Why does blockchain matter for the supply chain?

  • It enables the safe exchange of value without a central verifying partner, which makes transactions faster and less expensive.
  • It dramatically simplifies recordkeeping by establishing a single, authoritative view of the truth across all parties.
  • It builds a secure, immutable history and chain of custody as different parties handle the items being shipped, and it updates the relevant documentation.
  • By doing these things, blockchain allows companies to create smart contracts based on programmable business logic, which can execute themselves autonomously and thereby save time and money by reducing friction and intermediaries.

Hints of the Future

In the mid-1990s, when the World Wide Web was in its infancy, we had no idea that the internet would become so large and pervasive, nor that we’d find a way to carry it all in our pockets on small slabs of glass.

But we could tell that it had vast potential.

Today, with the combination of emerging technologies that promise to turbocharge digital transformation, we’re just beginning to see how we might turn the supply chain into a source of competitive advantage (see “What’s the Magic Combination?”).

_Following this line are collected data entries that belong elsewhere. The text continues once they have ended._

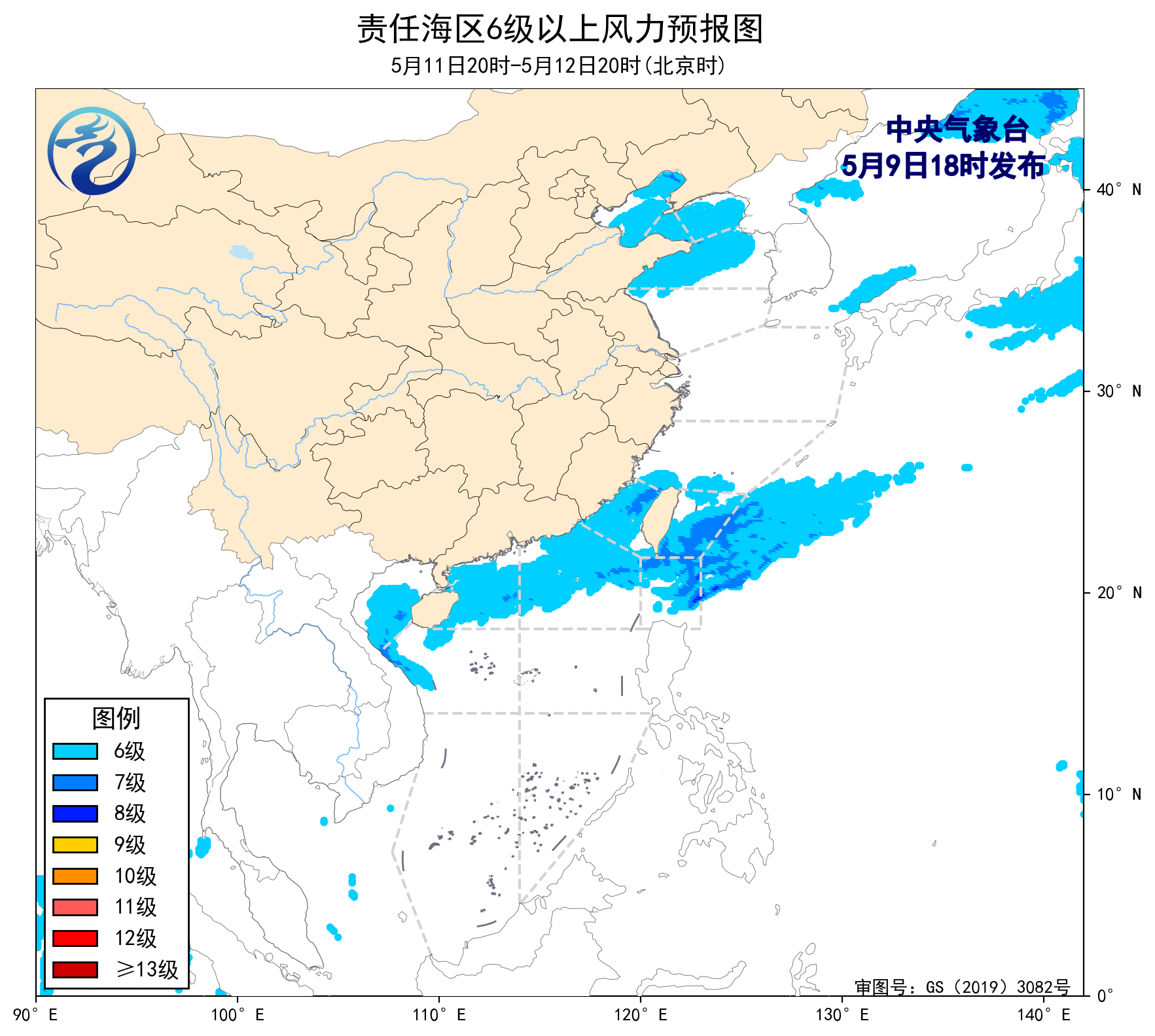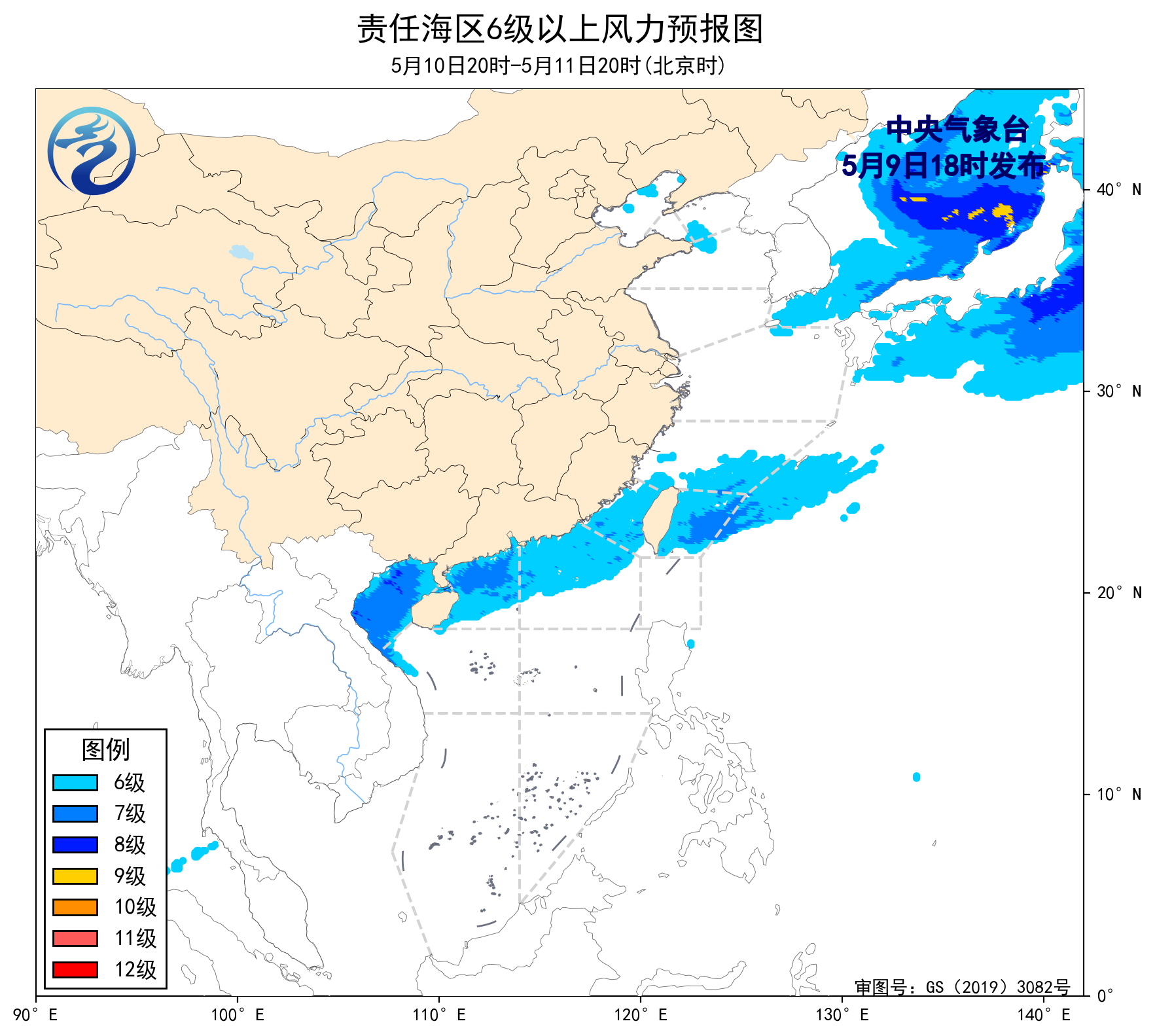 9日20時至10日20時,黃海中部海域將有6~8級、陣風9級的偏西風,黃海南部海域、東海北部海域將有7~8級、陣風9級減弱到5~6級、陣風7級的偏西風,渤海、渤海海峽、黃海北部海域將有6~7級、陣風8級的偏西到西北風,東海南部海域將有5~6級、陣風7級的偏西轉東北風,台灣以東洋麪將有5~6級、陣風7級的西南風轉東北風。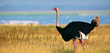 鸵鸟是群居,日行性走禽类,适应于沙漠荒原中生活,嗅听觉灵敏,善奔跑,为了采集那些在沙漠中稀少而分散的食物,鸵鸟是相当有效率的采食者,这都要归功于它们开阔的步伐、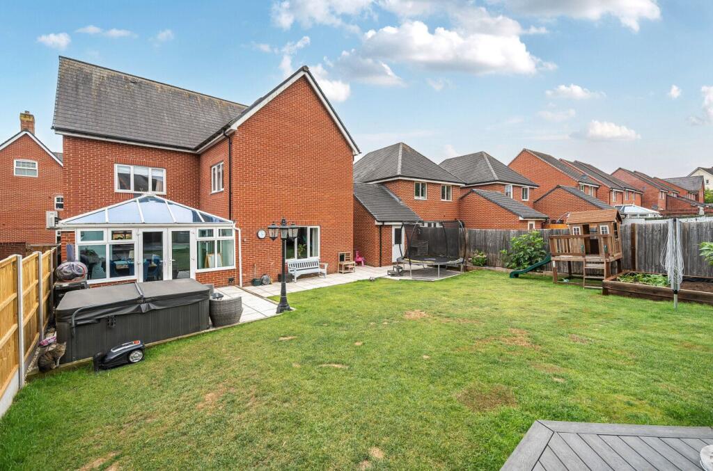 The property at Lords Way, Andover, SP11 6FQ is a detached house with 7 bedrooms and 3 bathrooms, boasting 2,294 sqft of living space. From the images, the property appears to be in good condition, with modern fixtures and fittings. The kitchen and bathrooms look recently updated. The house benefits from a conservatory, offering additional living space and natural light. The property also features a well-maintained garden with a hot tub, providing ample outdoor space for recreation and relaxation. The property is located in Andover, Hampshire, in the South East of England. Nearby, there are several schools with ‘Good’ Ofsted ratings, including Roman Way Primary School and Endeavour Primary School, making it an attractive location for families with children. The Andover train station is approximately 2.89 km away, providing convenient access to transportation. The average price per sqft in the area is £389. The property is listed at £650,000, which equates to approximately £283 per sqft. This is below the average price per sqft for the area, suggesting it represents good value for money considering the size, the number of bedrooms and bathrooms, and its overall condition. The property also has solar panels which will reduce energy bills.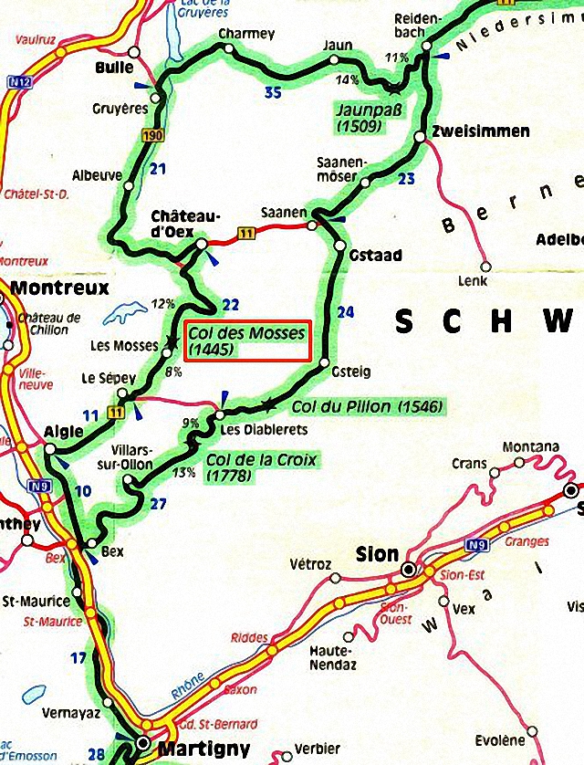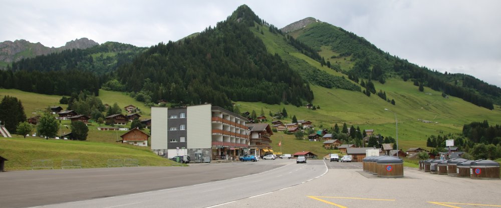(894 m) beim Abzweig nach Château-d'Oex. Wir sind vom Col du Pillon kommend beim

What’s the Magic Combination?

Those who focus on blockchain in isolation will miss out on a much bigger supply chain opportunity.

Many experts believe emerging technologies will work with blockchain to digitalize the supply chain and create new business models:

  • Blockchain will provide the foundation of automated trust for all parties in the supply chain.
  • The IoT will link objects—from tiny devices to large machines—and generate data about status, locations, and transactions that will be recorded on the blockchain.
  • 3D printing will extend the supply chain to the customer’s doorstep with hyperlocal manufacturing of parts and products with IoT sensors built into the items and/or their packaging. Every manufactured object will be smart, connected, and able to communicate so that it can be tracked and traced as needed.
  • Big Data management tools will process all the information streaming in around the clock from IoT sensors.
  • AI and machine learning will analyze this enormous amount of data to reveal patterns and enable true predictability in every area of the supply chain.

Combining these technologies with powerful analytics tools to predict trends will make lack of visibility into the supply chain a thing of the past. Organizations will be able to examine a single machine across its entire lifecycle and identify areas where they can improve performance and increase return on investment. They’ll be able to follow and monitor every component of a product, from design through delivery and service. They’ll be able to trigger and track automated actions between and among partners and customers to provide customized transactions in real time based on real data.

After decades of talk about markets of one, companies will finally have the power to create them—at scale and profitably.

Amazon, for example, is becoming as much a logistics company as a retailer. Its ordering and delivery systems are so streamlined that its customers can launch and complete a same-day transaction with a push of a single IP-enabled button or a word to its ever-attentive AI device, Alexa. And this level of experimentation and innovation is bubbling up across industries.

Consider manufacturing, where the IoT is transforming automation inside already highly automated factories. Machine-to-machine communication is enabling robots to set up, provision, and unload equipment quickly and accurately with minimal human intervention. Meanwhile, sensors across the factory floor are already capable of gathering such information as how often each machine needs maintenance or how much raw material to order given current production trends.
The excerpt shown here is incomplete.